Black Voters Say They Were Disenfranchised

     PHILADELPHIA (CN) – Chester County disenfranchised black voters in the 2008 general election by assigning them an inadequate polling place. The five plaintiffs say they had to wait as long as 7 hours to vote: “The predictable result was unusually low voter turnout and a racially disparate impact in the precinct with the highest percentage of African-American voters in the county.”




     Until 1992, the Lower Oxford East precinct polling place was at Lincoln University, a predominantly black university. Then the polling place was moved to “a small community center off-campus that is effectively inaccessible without a car.”
     County officials were warned that the site could not handle the turnout for the 2008 general election, yet did nothing, according to the complaint. As a result, many voters were forced to wait in line outside in a driving, cold rain for up to seven hours, and many left without voting.

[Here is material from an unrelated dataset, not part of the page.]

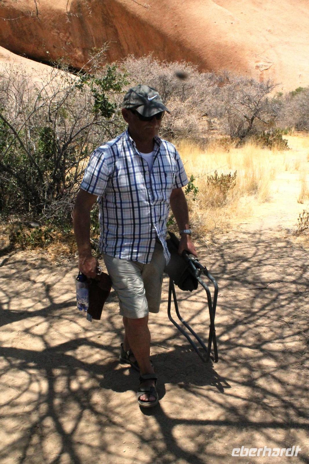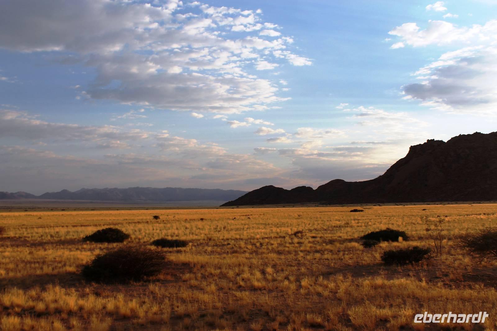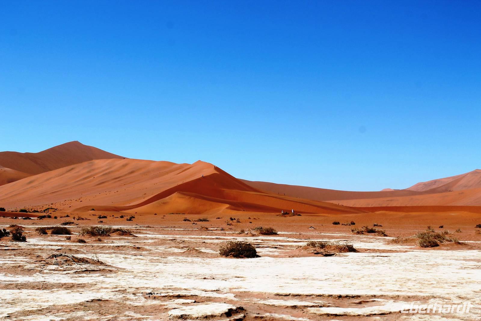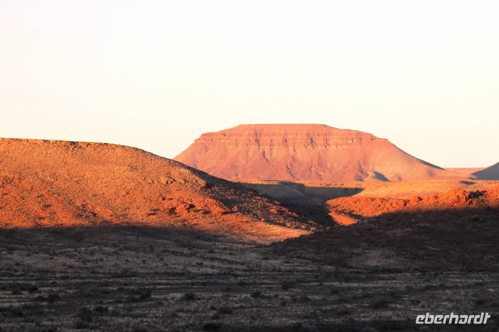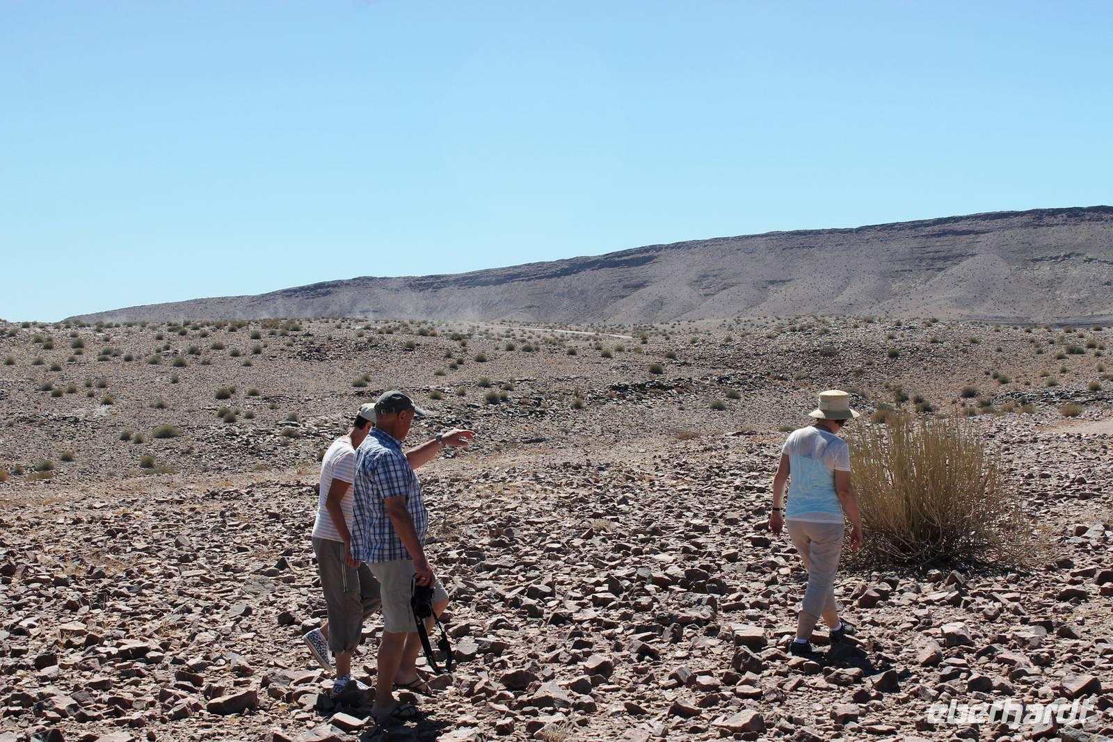 Frühes Aufstehen war heute Pflicht, denn unser Ziel waren die höchsten Dünen der Welt in der Namib. Ja, es war noch sehr früh und dunkel, die meisten schlürften demzufolge still ihren Kaffee. Nach dem wir Koffer und Lunchpakete im Truck verstaut hatten, fuhren wir los. Zum Sonnenaufgang wurden wir von einer Bodenwelle etwas unsanft geweckt. Die Tore zum Sossusvlei Park öffnen bei Sonnenaufgang, also ca. 6:30 Uhr "afrikanischer" Zeit. Im frühen Morgenlicht erstrahlten die hohen Dünen (bis ca. 400 m hoch) im satten Rot im Kontrast zum teilweise tiefblauen, klaren Himmel. Es entstanden fantastische Fotos. Auch Oryxe, Strauße und Springböcke "grasten" in der Wüste. Wir sahen sogar eine seltene Schabrackenhyäne, auch braune Hyäne genannt - Welch ein Glück. Später erklommen wir, die nur ca. 100 m hohe Düne 45. Nach wenigen Metern war "Sand im Getriebe" und die meisten zogen barfuß weiter. Toll, wie viele Eberhardt-Gäste sich als Gipfelstürmer bewiesen. Nach dem „Frühsport" wurden wir mit einer grandiosen Aussicht auf das Dünenmeer belohnt. Heute war ja Bergfest, im wahrsten Sinne des Wortes. Nach dem rasanten Abstieg "gruben" wir die Klappstühle aus und frühstückten in einzigartiger Umgebung. Später wechselten wir unseren Truck und stiegen in Allrad-Fahrzeuge, um durch sandigen Boden im Trockenflußbett weiter zu kommen. Wir unternahmen eine weitere sportliche Herausforderung und wanderten zum Dead Vlei, wo jegliche Vegetation tot erschien. Unsere letzte Station war ein Fotostopp an der ausgetrockneten Lehmsenke, dem eigentliche Sossusvlei. Die Rückfahrt zum 4x4 Parkplatz gestaltete sich zur hart umkämpften Wüstenralley. Mittlerweile war Mittagszeit und es war sehr heiß, der heißeste Tag auf unserer Reise (ca. 40° C). Die Dünen leuchteten nun in Orange und Gelb - ein fantastisches Farbenspiel. Anschließend picknickten wir unter einem Schattenbaum, bevor wir in den, ebenfalls trockenen Sesriem Canyon hinab stiegen und mit Horst erkundeten. In unserer idyllisch gelegenen Lodge am Rande des Namib Naukluft Parks erwartete uns ein erfrischendes Bad im kleinen Felsenpool, ein traumhafter Sonnenuntergang mit Amarula und ein Braai Abendessen, welches wir allesamt selbst zubereiteten - Danke den fleissigen Helfern. Mit leckerem Essen, frisch Gezapften, Amarula, Geschichten und knalligen Effekten (Danke an den Sprengmeister Gabi) hatten wir einen unterhaltsamen Abend im von Eberhardt besetzten Namib Naukluft Camp.

     After the 2008 election, the county moved the polling place to a slightly larger facility, but even farther from Lincoln University and even less accessible, the complaint states. The plaintiffs want the polling place returned to the pre-1992 site on the Lincoln University campus, and damages for those who were forced to endure hardship to vote, or were denied the vote altogether.
     The plaintiffs say the defendant Chester County Board of Elections moved the polling place after a Lincoln professor won a seat on the local school board in 1992.
     The plaintiffs’ lead attorney is Phillip Wilson with DLA Piper.